Dad put the truck in gear, said OK and drove off. Left them both standing at the gate.
The neighbor still laughs about that. Said it was the first time he had ever seen the guy speachless. He had driven about an hour, out into the "country" to find some cheap hay.

I do not sell much hay these days, feed most of what we make. Some times people will stop by a field and ask about hay.
If someone says my price is too high, that they can buy if for $30 a roll, I tell them that is a good price and they should buy that hay.
Some times a person is feeling froggy and will spout something like, "You should buy some of the cheaper hay and resell it for a profit".
My reply is that I only handle feed quality hay and have no need for reclamation hay.
Hay lesson 101. There are different qualities of hay.


----------



## JD3430

The world needs more dads like yours


----------



## askinner

I have found the worst customers to be the guy that "used to make hay"... They try and tell you this and that about how you should be doing. Makes me wonder why if they're so good, they are here buying hay from me??

One lady called me the other day and asked if I was negotiable on price if she were to purchase in bulk, I asked what quantities she would be looking for, "oh, about 3 or 4", Me: "truckloads?", Her: "no, bales", Me: Oh, I'm sorry, the last 3 bales must have just sold while you were asking me for a better price, thanks for your enquiry, good bye"....


----------



## JD3430

LMAO.
Would I get classified as a knuckle dragging neanderthal republican if I said the that woman was a_ "retard" ???_


----------



## askinner

JD3430 said:


> LMAO.
> Would I get classified as a knuckle dragging neanderthal republican if I said the that woman was a_ "retard" ???_


No, I think that anyone haggling prices in the middle of a drought must be a sandwich short of a picnic lol, the prices I was charging was only just covering costs with the price of irrigating.
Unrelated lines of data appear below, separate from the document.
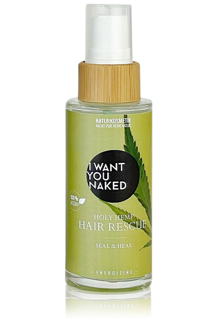 Um dem Feuchtigkeitsverlust vorzubeugen, konserviert das Holy Hemp Hair Rescure Seal & Heal von I Want You Naked die Feuchtigkeit in der Haarfaser mit Argan- und Klettenwurzelöl. Das Haar sieht sofort glänzender und gesünder aus. Über ecco-verde.de*, 50 ml, UVP 20,30 Euro, *vegan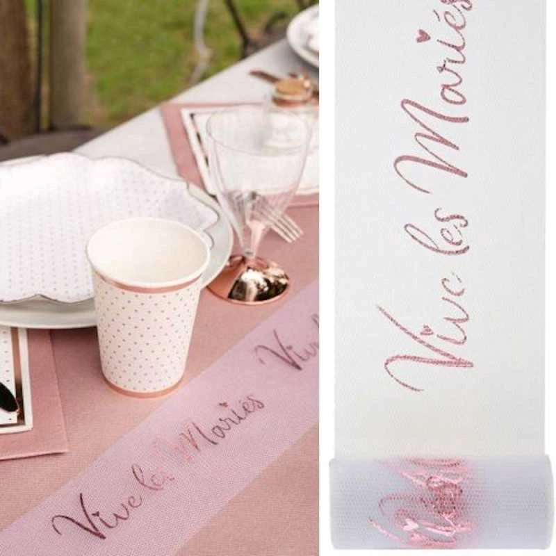 Vous pouvez célébrer l’amour avec ce merveilleux ruban tulle « vive les mariés » rose gold : que vive l’amour et vive les mariés !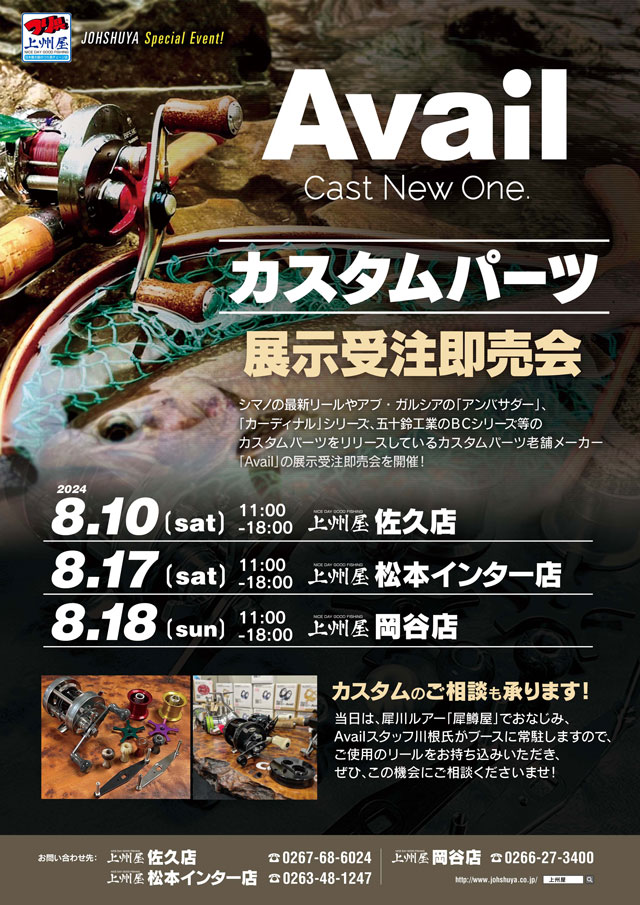 シマノ最新リールや、アブのアンバサダー、カーディナル、五十鈴工業のBCシリーズなどのリールカスタムパーツ、チューニングアップパーツ、ドレスアップパーツetc.の老舗製造メーカーとして定評あるAvail(アベイル)の店頭イベント!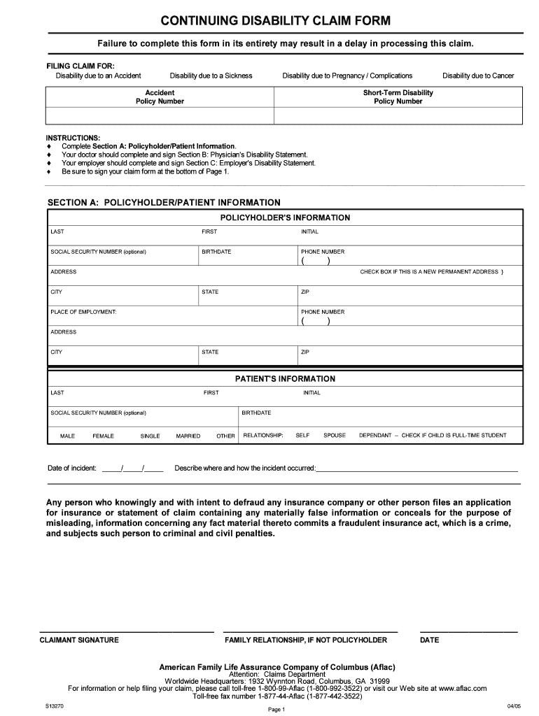 CONTINUING DISABILITY CLAIM FORM Failure to complete this form in its entirety may result in a delay in processing this claim. FILING CLAIM FOR: Disability due to an Accident Disability due to a Sickness

Annoys me when they want to haggle without seeing the hay.


----------



## rjmoses

askinner said:


> No, I think that anyone haggling prices in the middle of a drought must be a sandwich short of a picnic lol, the prices I was charging was only just covering costs with the price of irrigating. Annoys me when they want to haggle without seeing the hay.


"Sandwich short of a picnic" --- Never heard that one before -- I like it.

And the price is ALWAYS negotiable. The more irritated I get, the higher the price goes! At one point, when I was consulting, I had a price for my really good customers, a price for so-so customers and $150/hour, 8 hour minimum for people I didn't like.

I used the woman's approach -- I figured if I was unhappy, they would be unhappy too.

Ralph


----------



## Teslan

askinner said:


> I have found the worst customers to be the guy that "used to make hay"... They try and tell you this and that about how you should be doing. Makes me wonder why if they're so good, they are here buying hay from me??
> 
> One lady called me the other day and asked if I was negotiable on price if she were to purchase in bulk, I asked what quantities she would be looking for, "oh, about 3 or 4", Me: "truckloads?", Her: "no, bales", Me: Oh, I'm sorry, the last 3 bales must have just sold while you were asking me for a better price, thanks for your enquiry, good bye"....


I don't know what I would be like if I had to shop for hay. I bet you I would be downright rude if I found crappy hay for a high price. Or crappy hay billed as premium hay. I've been told that happens a lot around here.


----------



## somedevildawg

Teslan said:


> I don't know what I would be like if I had to shop for hay. I bet you I would be downright rude if I found crappy hay for a high price. Or crappy hay billed as premium hay. I've been told that happens a lot around here.


I've thought Bout that as well, I too would be a crappy customer.....


----------



## swmnhay

_I've bought a little hay over the yrs when I've run short.I would say more often then not the hay is not as good as they say it is_

_REPEAT CUSTOMERS ARE IMPORTANT.REPRESENT YOUR HAY CORRECTLY!!!!!_


----------